Forschungsschwerpunkte: DNA-Reparaturmechanismen, Nukleotid-Exzisions-Reparatur (NER), Wirkstoffdesign, Stoffwechsel des Tuberkulose-Erregers, Wirkstoffe gegen pathogene Erreger

Caroline Kisker ist Biochemikerin. Schwerpunkte ihrer Forschung sind Reparaturmechanismen des Erbguts und Wirkstoffdesign („Structure Based Drug Design“). Sie untersucht Proteine des DNA-Reparatursystems, um herauszufinden, wie Schäden in unserem Erbgut erkannt und repariert werden. Im Bereich Drug Design arbeitet sie an der Entwicklung neuer Wirkstoffe vor dem Hintergrund zunehmender Antibiotikaresistenzen.

Caroline Kisker erforscht Schäden und Reparaturmechanismen des menschlichen Erbguts. Werden Erbgutschäden nicht repariert, können Mutationen entstehen, die beispielsweise zu Krebs führen. Im Fokus ihrer Forschung steht die Nukleotid-Exzisions-Reparatur (NER). Dieser wichtige Reparaturmechanismus erkennt und repariert ein breites Spektrum an Erbgutschäden, wie zum Beispiel Schäden durch UV-Strahlung, Rauchen oder chemotherapeutische Stoffe. Es gelang Caroline Kisker ein Protein (XPD-Protein) des Reparaturmechanismus zu analysieren, das an der Erkennung von Erbgutschäden beteiligt ist.
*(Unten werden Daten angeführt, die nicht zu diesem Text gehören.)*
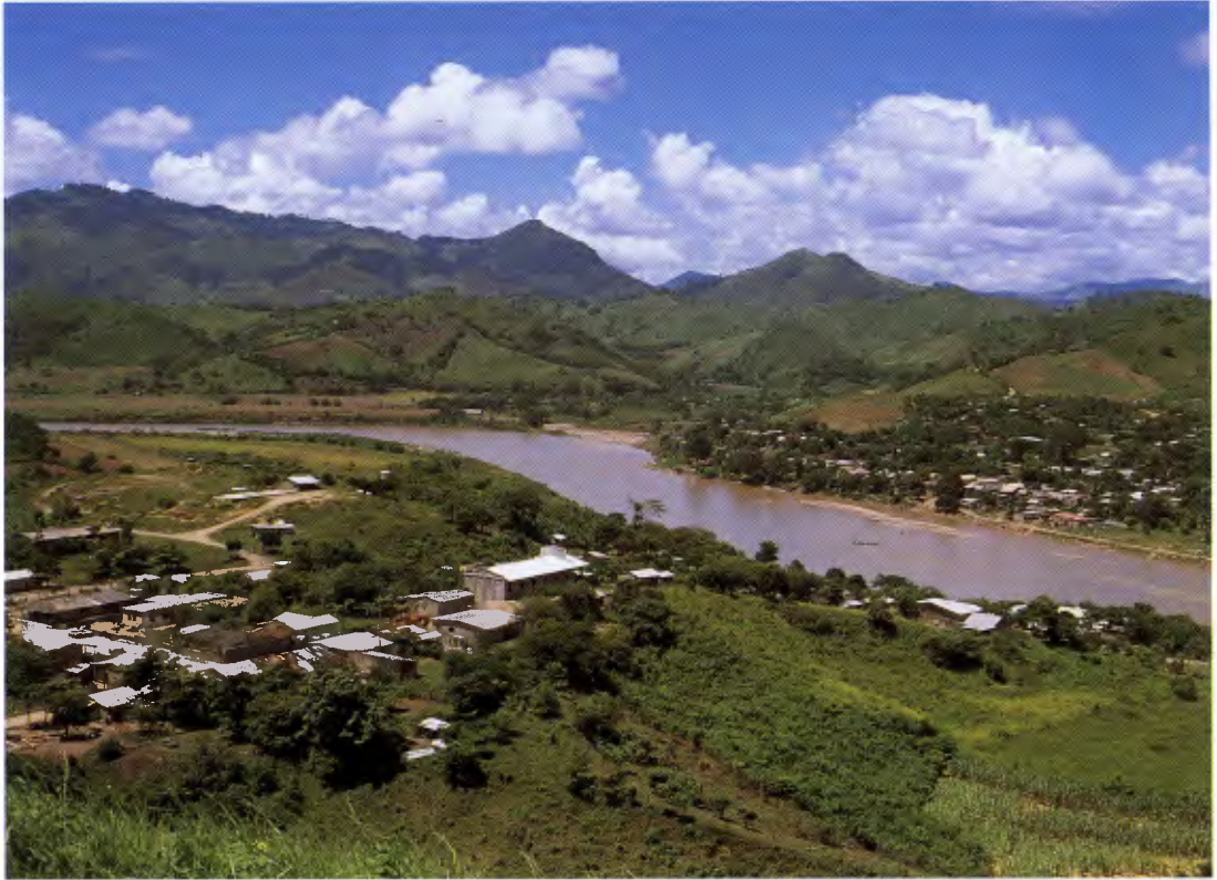
Schwer getroffen: Der kleine Ort Wiwili

stört und die Äcker fortgeschwemmt waren. Ein unbeschreibliches Leid war über diese von der Weltwirtschaft als „sehr arm“ eingestuft Landstriche hereingebrochen.

Darauf aufbauend konnte sie zeigen, wie sich Mutationen auf dieses Protein auswirken. Sie führen zu den seltenen Krankheiten Mondscheinkrankheit (Xeroderma pigmentosum) und Kleinwuchs (Cockayne-Syndrom bzw. Trichothiodystrophie). Auch fast alle Tumorerkrankungen sind auf genetische Schädigungen zurückzuführen. Die Erkenntnisse über die Reparaturmechanismen können zur Entwicklung neuer Chemotherapeutika beitragen.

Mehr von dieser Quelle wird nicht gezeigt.